Wednesday, December 28, 2005

Pictures!!

Pictures are here! Photographs. Photos. Pics. Snapshots. Candids. I say po-tay-toe, you say. . .I dunno, whatever you say. But I have pictures! And there are more on the way! Try to restrain your excitement!

P.S. Big ups to my homie parents in CA for sending me my camera cord. You da bomb.

Sunday, December 25, 2005

Laura's Learned-the-Hard-Way Guide to Eating in Thailand

Trust me on this one, people. If I'd had one of these when I arrived here, I'd have saved many a poor defenseless taste bud.

-When Thai people say "Can you eat Thai food?" or "Do you like Thai food?" what they really mean is "How do you feel about setting fire to your tongue?"

-If a Thai person says something is not spicy at all, that means it's spicier than most American food, but if you've eaten plenty of Mexican, you should be okay.
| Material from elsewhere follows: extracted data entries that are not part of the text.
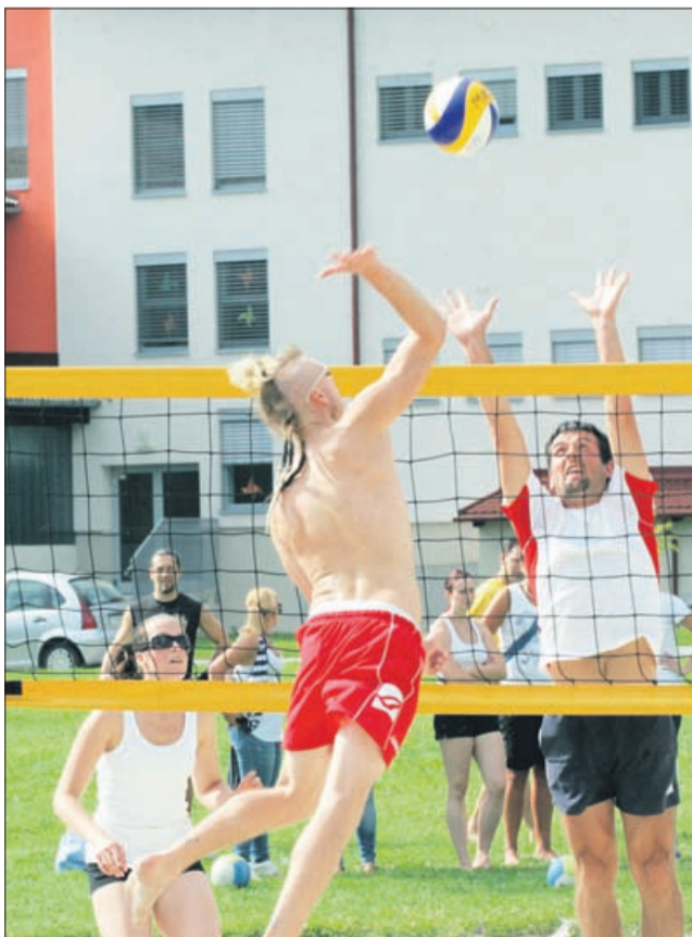
V odbojki na mivki, kjer so lahko tekmovalce mešane ekipe, so zmagale Jagode.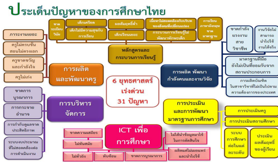
ภาพที่ ๔.๑ ปัญหาการศึกษาไทย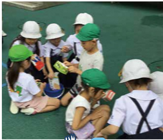
しゃぼんだまづくり

幼児期の教育と小学校教育の円滑な接続を図るため、区立幼稚園と小学校では計画的に交流活動を行っています。交流活動を通して、園児には小学生への憧れや小学校生活への期待感が育まれ、小学生は思いやりの気持ちを抱き、自分の成長に気付く機会にもなります。今回は7月に実施した、2つの交流活動を紹介します。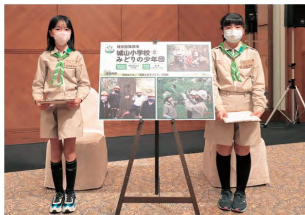
城山小学校みどりの少年団（岐阜県）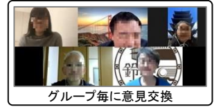
グループ毎に意見交換

4つのグループに分かれて、ワールドカフェ形式により、この場に期待していること・話したいことをテーマに、途中でメンバーを替えながら意見交換を行いました。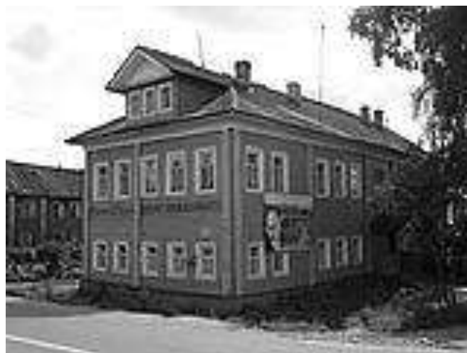
Дом в Емецке, где родился Николай Рубцов

В 1968 году литературные заслуги Рубцова получили официальное признание и ему в Вологде была выделена однокомнатная квартира № 66 на четвёртом этаже в пятиэтажном доме № 3 на улице, названной именем другого вологодского

Your tongue will definitely tingle, but not in a bad way.

-"A little spicy" is about the same as Hot salsa at home. Meaning, a jug or two of water and some bread or rice is probably advisable.

-Plain old "spicy" means prepare to have your face slowly melt off.

-"Very spicy" means. . .well, I suppose I don't really need a tongue.


-Yes, those really are cockroaches and grasshoppers deep-fried and served in little paper bags like they're salt-water taffy.

-If it looks like chicken and smells like chicken, DON'T eat it. It's probably an insect or horse or dog or similar not-very-appetizing kind of animal.

-Get used to having your dinner make google-eyes at you, because they don't do fish steak. You get the whole fish or nothing at all.

Although I'm well on my way to being able to yell in Thai, too.

Happy Boxing Day everybody! I spent this Christmas weekend the way every Christmas should be spent; in bed with too much food and too much tv. I was actually only depressed for about 7.4 minutes on Christmas Eve, and that was because I finished the parmesan goldfish my girl Kelly had sent me (I luuuurrrvvv you Kelly Bo Belly!). It was a pleasant surprise how well I dealt with my first Christmas away from my fam and friends and, most traumatic of all, my Sid. It's amazing what blueberry cheesecake ice cream and reruns of Speed can do for the soul.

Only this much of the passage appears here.